For two heritage jewelry houses, inspirations from the past are back in modernized versions at the high jewelry presentations this week in Paris.

For Benoît Verhulle, the head of the jewelry atelier at Chaumet, the Blé necklace reprised a familiar theme: Its wheat motif has been part of the house’s lexicon for more than 200 years. (One of the most famous pieces in its archives is a wheat diadem, called the Ear of Wheat, which was commissioned by Napoleon in 1810.)

But this necklace, in the 68-piece Le Jardin de Chaumet collection, actually is two.

One is a yellow-gold wheat motif set with diamonds and the other, a more contemporary design in white gold, anchored by a 10.25-carat emerald-cut diamond. They could be worn separately or combined, for a bigger statement.

“When you look at the sketch, it looks rigid,” Mr. Verhulle said in an interview at the jewelry house’s headquarters on Place Vendôme, “so I kept wondering how to make it into something very supple, comfortable and also somehow reinvent the theme.”

Drawings of the wheat necklace has been added to Chaumet’s archives in its headquarters on Place Vendôme in Paris.Dmitry Kostyukov for The New York Times
Inside Chaumet’s workshop in Paris. Dmitry Kostyukov for The New York Times

It wasn’t until a client asked the atelier to repair a wheat brooch dating to the mid-19th century — designed in the trembleuse (in English, trembling) style — that he came up with an idea for modernizing the technique by developing a flat spring instead of using the traditional gold threads, which are more fragile.
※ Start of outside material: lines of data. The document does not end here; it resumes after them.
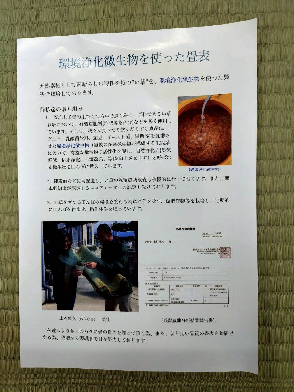 上本さんの畳表は「環境浄化微生物を使った畳表」であり、老若男女誰にとっても優しい畳表です。「畳の良さを知っていただきたい・より良い品質の天然い草の畳表を安心して使っていただきたい」といったお客様への想いが込められています。
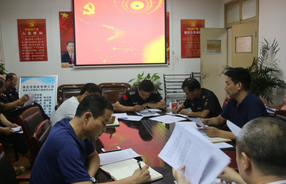 8月22日下午16時(shí),淮北市保安有限公司組織召開(kāi)領(lǐng)導(dǎo)干部及機(jī)關(guān)人員專題會(huì)議,傳達(dá)學(xué)習(xí)市委書記黃曉武調(diào)研建投集團(tuán)時(shí)的重要講話精神,研究部署貫徹落實(shí)講話精神的有關(guān)舉措。
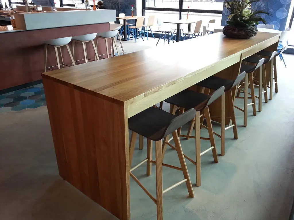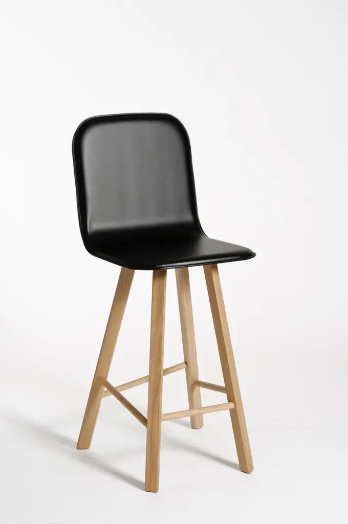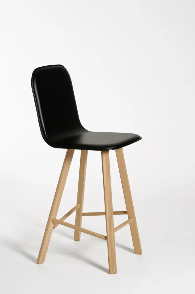 Essential and elegant stool with a bent plywood shell (High Back as listed, for a very comfortable long time seating, or Low Back). and four iconic legs with triangular shape in solid oak, joined by transversal wooden bars. The shell is wood veneered (natural oak or stained open pore in the colors black, white, red, coffee), or upholstered. Fabric lining: C.O.M fabric; cotton, mix cotton-linen; felt, wool; velvet, leather. Legs can follows the finishing of the shel or upon request remain in natural oak. It is also possible to chose for the seat, the typical kitchen height 67 cm or the bar height 77 cm.
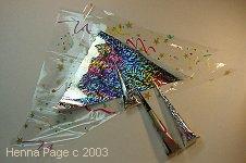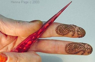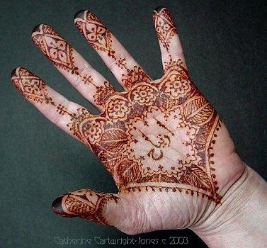 Get out your best pair of glasses, or use an embroiderer's desk magnifier unless you have wonderful, young eyesight. Many people purchase a pair of non-prescription reading (magnifying) glasses to help them do tiny patterns. Henna Page Artists do fine, delicate henna work with cones! Jewel, of Singapore, did this beautiful finger patterning with cellophane wrap cones! You can see more of her work on her website! Catherine Cartwright-Jones does fineline work with Mylar Holowrap cones. All text and images on this page unless otherwise cited copyright 2003 all rights reserved Catherine Cartwright-Jones The Henna Page
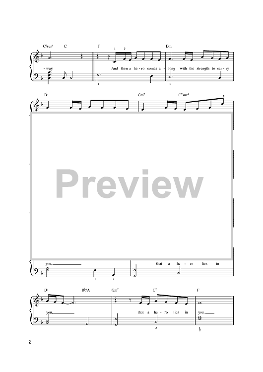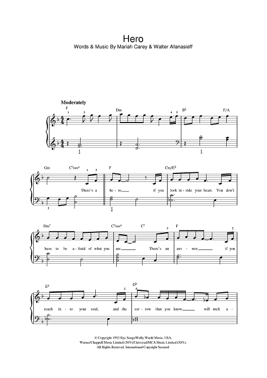 Digital Sheet Music for Hero by Mariah Carey, Wally Afanasieff scored for Piano/Vocal/Chords; id:385374
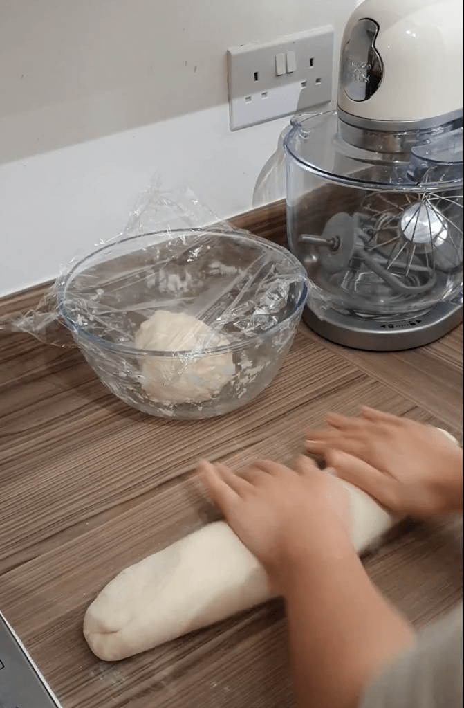 4. The dough should have risen after 20mins. Take half of it out and use a rolling pin to flatten it into a long rectangular/oblong shape, then role it into a cylinder shape. You can either cut these into even pieces and let rise or place the dough back into the bowl and pull a piece of dough as you go.
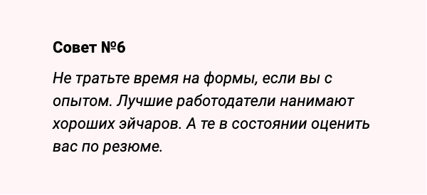 Я заваливал собесы с эйчаром на вопросе «готовы ли вы работать по времени Владивостока, так как работодатель во Владивостоке?». Понятно, что не готов, но обсуждать это нужно не с эйчаром. А для эйчара я становлюсь просто неудобным кандидатом. Меня отсеивают, и я не получаю возможности договориться с ЛПРом. А тот все еще может оказаться договороспособным.
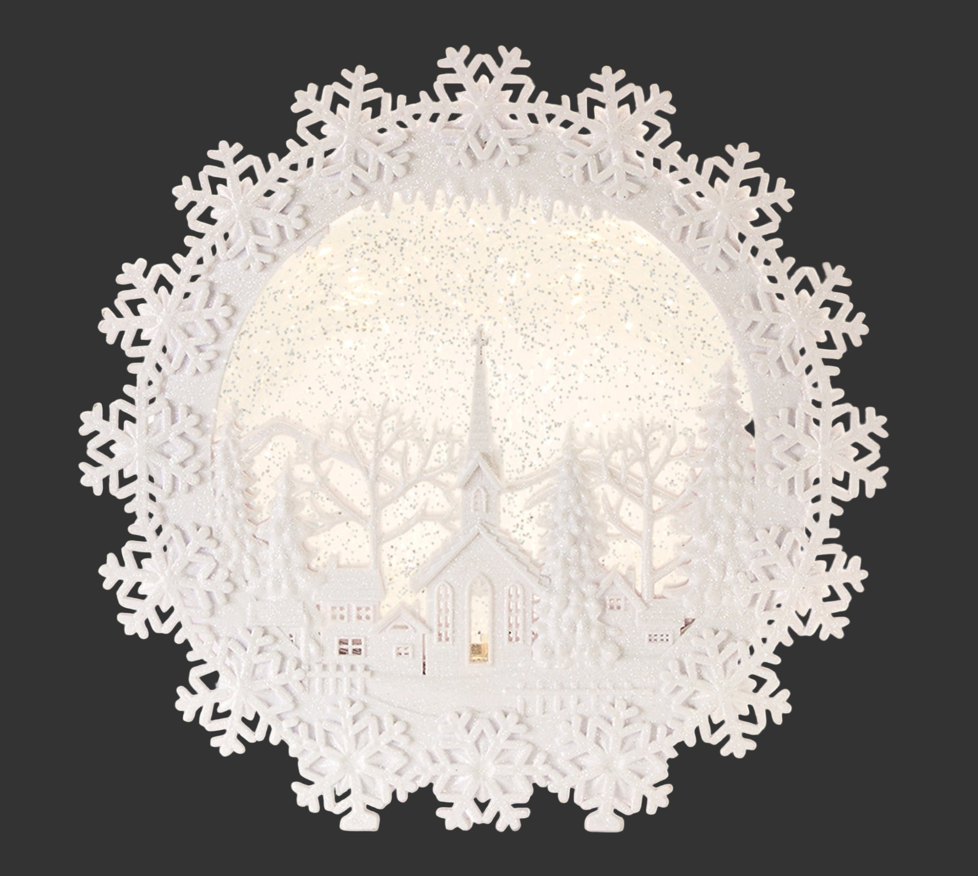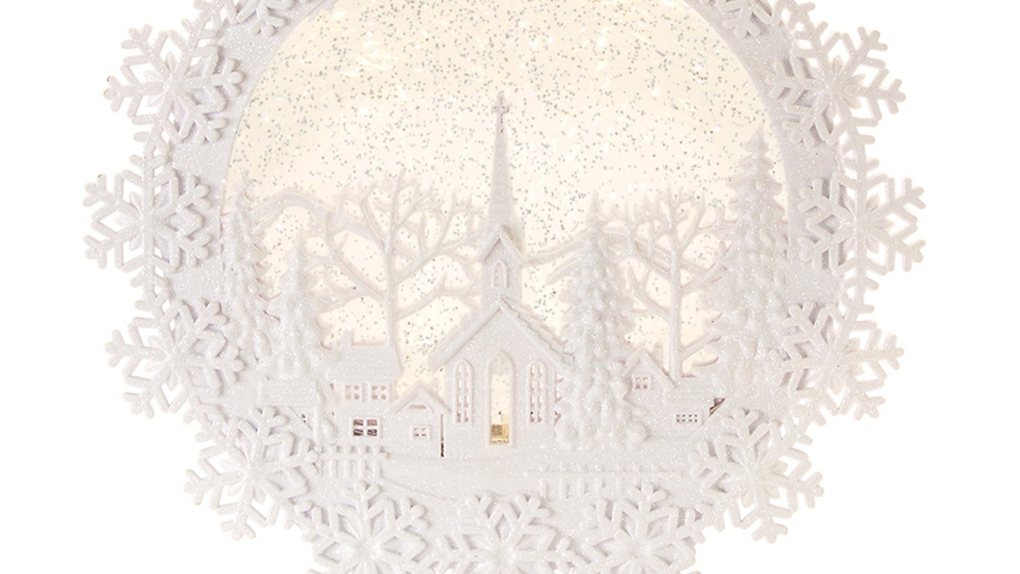 By Melrose Church Scene Snow Globe, 12.25"H, crafted from durable plastic with soft LED lighting to create a warm, festive glow. The globe features a charming church scene, bringing cozy holiday cheer to any indoor tabletop or mantel. Includes a 6-hour automatic timer for daily, hassle-free illumination. Can be powered by 3 AA batteries (not included) or USB cord, offering versatile placement throughout your home. Perfect for indoor use, this snow globe combines festive imagery with gentle illumination to enhance your Christmas décor. Lightweight and easy to display, it is ideal for gifting, holiday hosting, or seasonal decoration. Dimensions: 12 x 2 x 12.25".

Mr. Verhulle and his team used yellow gold to create spikelets, the elements that make up an ear of wheat, then set them with diamonds and used a laser to mount them individually onto a thin blade, to form sheaves. Completing the piece required a total of 1,750 hours of work, with three or four jewelers working on different elements at once.

“I’m not sure we would have been able to achieve such a level of detail even 10 years ago,” he said.

Reflecting the current sense of exuberance in jewelry, as in fashion, the Blé necklace already has been bought by a client who plans to wear it himself.

At Buccellati, the inspiration for Mosaico, its new 36-piece high jewelry collection, was the supple bracelets introduced in 1976 by Gianmaria Buccellati, a son of the house’s founder, Mario Buccellati.

A flexible bracelet of white gold and 520 round brilliant-cut diamonds is part of Buccellati’s Mosaico collection, designed to invoke Byzantine mosaics.

But then the jewelry house is a family affair. Andrea Buccellati, one of Mario’s grandsons, and Andrea’s daughter, Lucrezia Buccellati Wildenstein, are its co-creative directors and they designed the new collection, to be introduced Tuesday and Wednesday at the Hotel Costes in Paris.

The craftsmanship, Mr. Buccellati wrote in an email, has remained unchanged since his father’s time, although some techniques have been perfected since the company was purchased by the Swiss luxury group Richemont in 2019.

As an example, he described the flexibility of a bracelet from Mosaico: an 18-karat yellow and white gold design set with 520 brilliant-cut white diamonds and 296 white and yellow diamonds in other cuts, priced at $240,000.

“It’s a bracelet that reminds us of Byzantine mosaics, but its most important peculiarity is the chaining, which renders it very soft and easy to wear,” he said, referring to a technique used by Mario Buccellati in the 1920s that combines tiny rings to create a kind of light, flexible net. “The real challenge was maintaining these regular geometric shapes notwithstanding the thousands of chains composing it.”